The Washington press corps had already staked out Andrews Air Base when Air Force One touched down on barking tires.

Secret Service Special Agent Vince Capezzi spotted them as the lumbering 747 swung off the runway, trundling toward the waiting black-and-olive-green helicopter that, like others designated for the Chief Executive's official use, was called Marine One whenever the President himself stepped aboard.

"We got press in large numbers," he barked into his hand mike. "Inform the pilot to park her in the hangar. We'll take the Man off inside."

"Roger."

Turbines spooling down, the Presidential plane veered toward a waiting hangar. Seeing the course change, the Washington press corps surged toward the hangar.

"Wonderful. They're going to try to beat us to the hangar."

"I'd better put this to the President," said Capezzi, lifting himself out of his seat in the Secret Service cubicle.

He moved through the narrow blue corridors and encountered the chief of staff.

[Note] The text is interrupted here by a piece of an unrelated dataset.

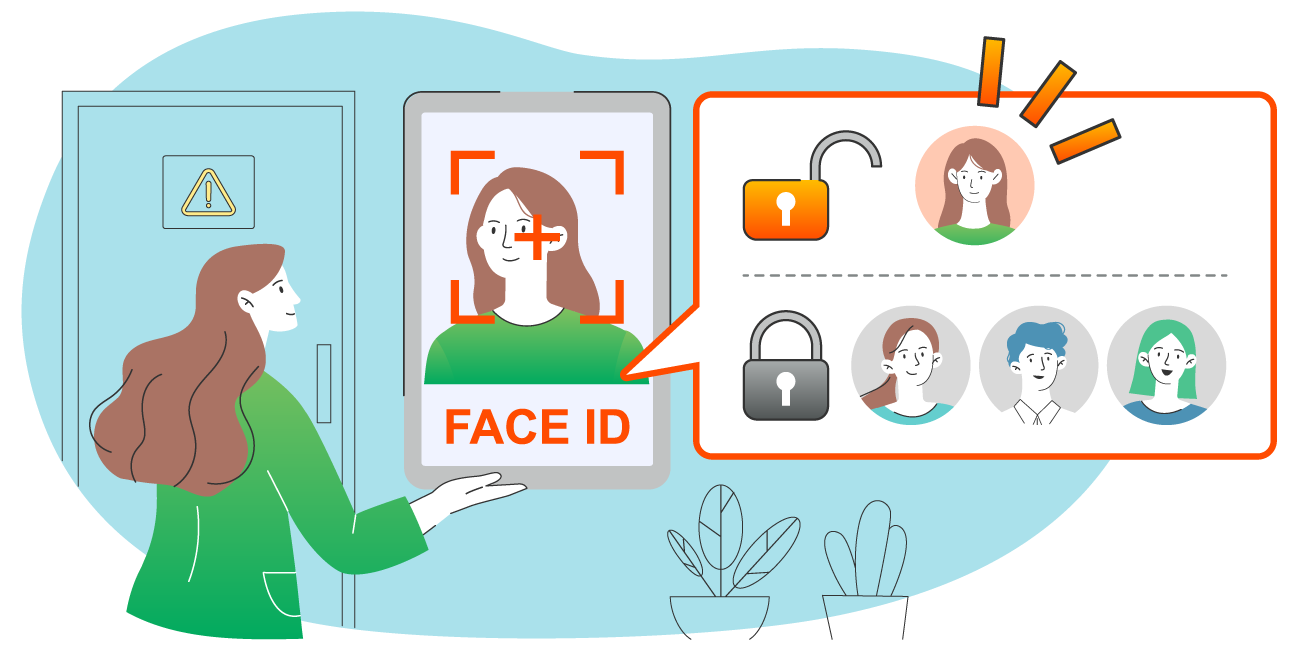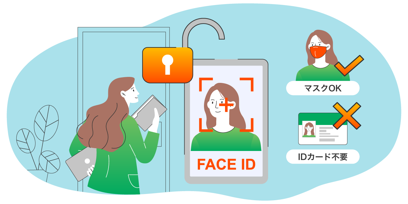 カード認証・顔認証・生体認証・スマートロックなどで本人確認と入退出を管理。出入時刻をはじめ各種データの自動保存も可能。

"We have press," Capezzi said grimly.

"Good."

"Good? We've got to get the Man to Crown as fast as possible."

"It's the White House. Call it the White House when you talk to me. All these dipshit code names drive me crazy."

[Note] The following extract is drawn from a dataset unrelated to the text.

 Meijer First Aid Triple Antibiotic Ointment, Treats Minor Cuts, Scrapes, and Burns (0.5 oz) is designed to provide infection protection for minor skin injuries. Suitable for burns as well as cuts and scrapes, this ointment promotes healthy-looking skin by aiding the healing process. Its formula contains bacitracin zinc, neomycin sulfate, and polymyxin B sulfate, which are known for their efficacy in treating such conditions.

"Until we've ascertained that there is no conspiracy, the President belongs in a secure place."

"He has a health-care plan to push. He's pretty steamed you pulled him out of Boston."

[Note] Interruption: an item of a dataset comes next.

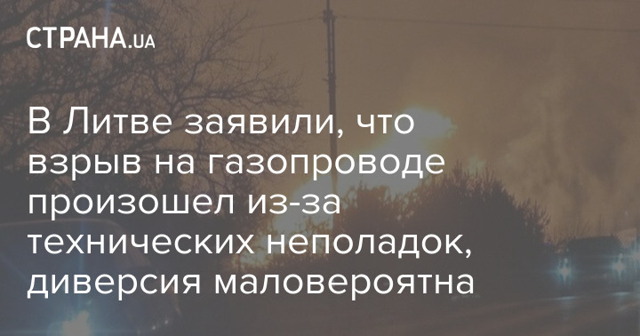 Взрыв на магистральном газопроводе в Пасвальском районе Литвы вчера произошёл из-за технических неполадок, диверсия маловероятна.

"I didn't notice your vociferous objection."

The chief of staff shrugged. "You know how it goes."

"Yeah, I know how it goes. Whenever the President has to change his schedule, the service is trotted out as scapegoat. But this time the threat was real."

"Look, I'm going to recommend the President speak briefly to the press."

"It's a risk."

"It would have to be a pretty big conspiracy to have agents in Boston and Washington," the chief of staff pointed out.

"It's not impossible. And I object to any Presidential appearance in the strongest possible terms."

"He's still the President. He makes these decisions. But I'll relay to him your concerns."

"Like hell you will. I'm going in there with you. I won't lose this President to staff politics."

"Fine," the chief of staff said stiffly. "We'll both go see the President."

"Don't bother," the hoarse voice of the President of the United States said. "I heard everything."

The President appeared behind them, looking grim.

The chief of staff spoke up quickly. "Mr. President, now would be an excellent time to assure the nation that you are alive and in control of the reins of power."

"You mean word hasn't gotten out yet?" Capezzi said.

The chief of staff smiled tightly. "We thought it would endanger the President's security if word were released prematurely."

Buttoning a fresh jacket and smoothing his replacement tie, the President said, "I'll address the press when I step off the plane. Have the air stairs rolled into place and make the usual security arrangements."

"Damn," Capezzi said, turning on his heel to do his thankless duty.

Air Force One was braked short of the hangar. The Washington press corps uncertainly stopped its mass stampede and looked indecisive.